Голод богов | страница 109
— И мы дадим им уйти?
— Не беспокойся, мой добрый Йона, — спокойно сказала Светлая, — их там встретят. А нам надо всего лишь не дать им вернуться… Дон Пага, где вы?
— Здесь, Светлая! — рявкнул вольный капитан, появляясь из завесы колышущейся пыли, будто чертик из коробочки и картинно поднимая на дыбы своего серого жеребца. Покрытый шрамами, вечно улыбающийся, в любой момент готовый броситься в любую драку, лучший наездник среди вольных капитанов Запроливья.

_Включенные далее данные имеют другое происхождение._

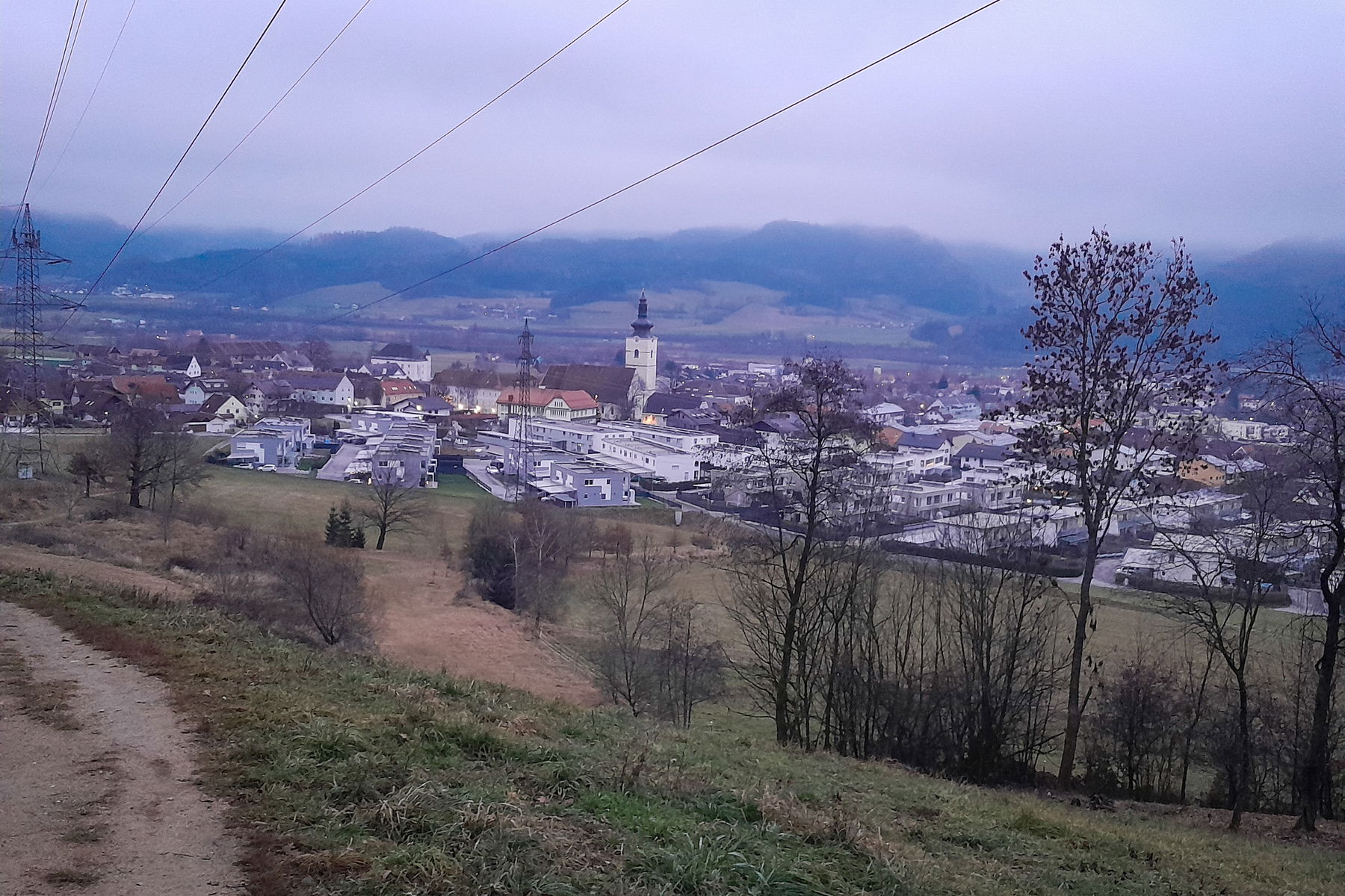 Nach weiteren 2 Kilometern bergab erreichen wir den Ortsrand von St. Lorenzen im Mürztal, rechtzeitig, jetzt wird es langsam dunkel. Vorbei an der Pfarrkirche von St. Lorenzen folgen wir der L123 (Stollinggrabenstraße) bis St. Marein im Mürztal, queren die L118 (Semmering Begleitstraße) und erreichen über die Bahnhofstraße den Bahnhof von St. Marein – St. Lorenzen.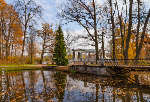 Marble Bridge. Autumn Park. Catherine Park. Pushkin, St. Petersburg, Russia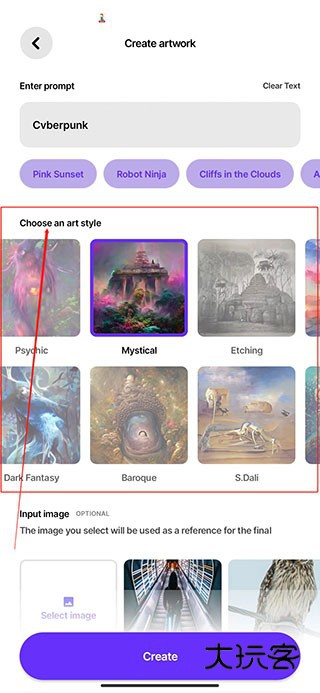 3、然后看到下方 「Choose an art style」 选择想要的风格,这里我推荐Fantasy Art 这个效果,比较接近赛博朋克的感觉!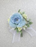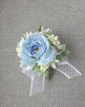 水色のシルクデシンの巻き薔薇が甘く上品です。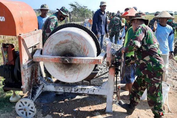 Untuk mempercepat proses pengecoran jalan di dukuh Kacangan Lor Desa Sendang Kulon Kecamatn Kangkung Kabupaten Kendal, ada salah satu anggota Satgas TMMD 109 Kendal yang mahir mengoperasikan mesin molen, Senin (14/09/2020).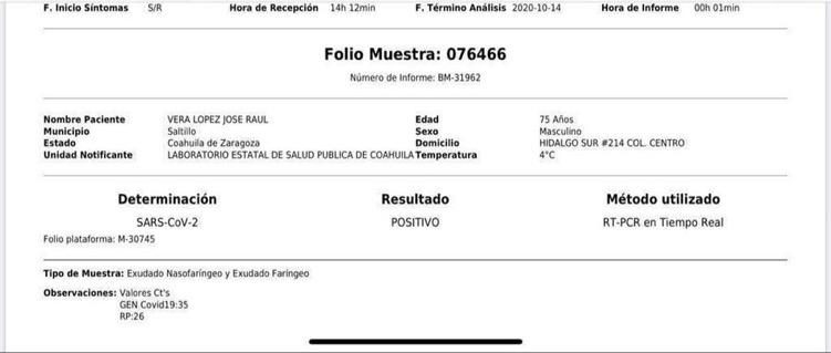 Saltillo, Coahuila.- El obispo Raúl Vera López OP, ha dado positivo como portador del coronavirus SARS-CoV2 ha informado la Oficina de Prensa de la Diócesis de Saltillo junto a la fotografía de los resultados de laboratorio del pastor de 75 años de edad.
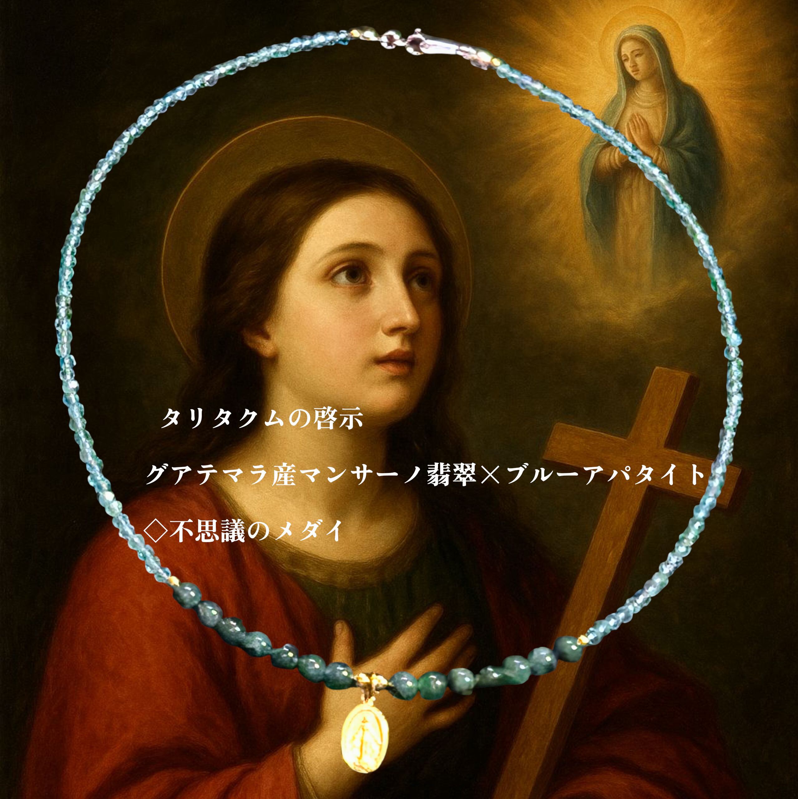 その名を冠した本作は、聖母マリアの加護を宿す「不思議のメダイ」と、希少価値の極めて高いグアテマラ産マンサーノ翡翠、さらに霊性を活性化させるブルーアパタイトを結び合わせた、魂の再生を象徴する究極の聖なる護符ネックレスです。

— Возьмите шесть сотен кавалерии, следуйте за ними на почтительном расстоянии и, когда они ввяжутся в бой, ударьте им в спину.
— В бой с кем? — вежливо поинтересовался дон Пага. Сама по себе мысль ударить по многократно превосходящим силам противника, казалось, совершенно его не смущала.
— Сами увидите, — строго сказала Светлая, — и помните, атаковать не раньше, чем они хорошенько завязнут. Ваша легендарная удаль пусть потерпит немного. И еще. Ни один из них не должен уйти живым.
— Будет исполнено! — рявкнул вольный капитан и бросил коня в галоп.
…
… У дона Кси и Араты Горбатого была своя манера воевать и свои приемы. Простые, но действенные. Те, которым можно за считанные часы обучить озлобленных, но ничего не смыслящих в ратном деле крестьян.
Орденская конница неслась по, казалось бы, пустому лугу, когда перед ними из высокой, по пояс рослому человеку, травой, внезапно поднялись неровные ряды угрюмых людей, вооруженных длинными вилами, баграми, рогатинами и косами, наскоро переделанными в пики.
Эти люди шли день и ночь с одной-единственной целью: убивать тех, кто совершил единственное, чего нельзя простить никому — ни человеку, ни даже богу. Тех, кто надругался над самой землей, над всем тем, что родит земля и над всеми бесчисленными поколениями тех, кого кормила земля и кого она принимала в свой срок…
— К бою! — крикнул магистр Боза, вырывая меч из ножен… Успел подумать: «бесполезно, их не меньше двадцати тысяч». А потом думать было уже некогда — началась жестокая сеча.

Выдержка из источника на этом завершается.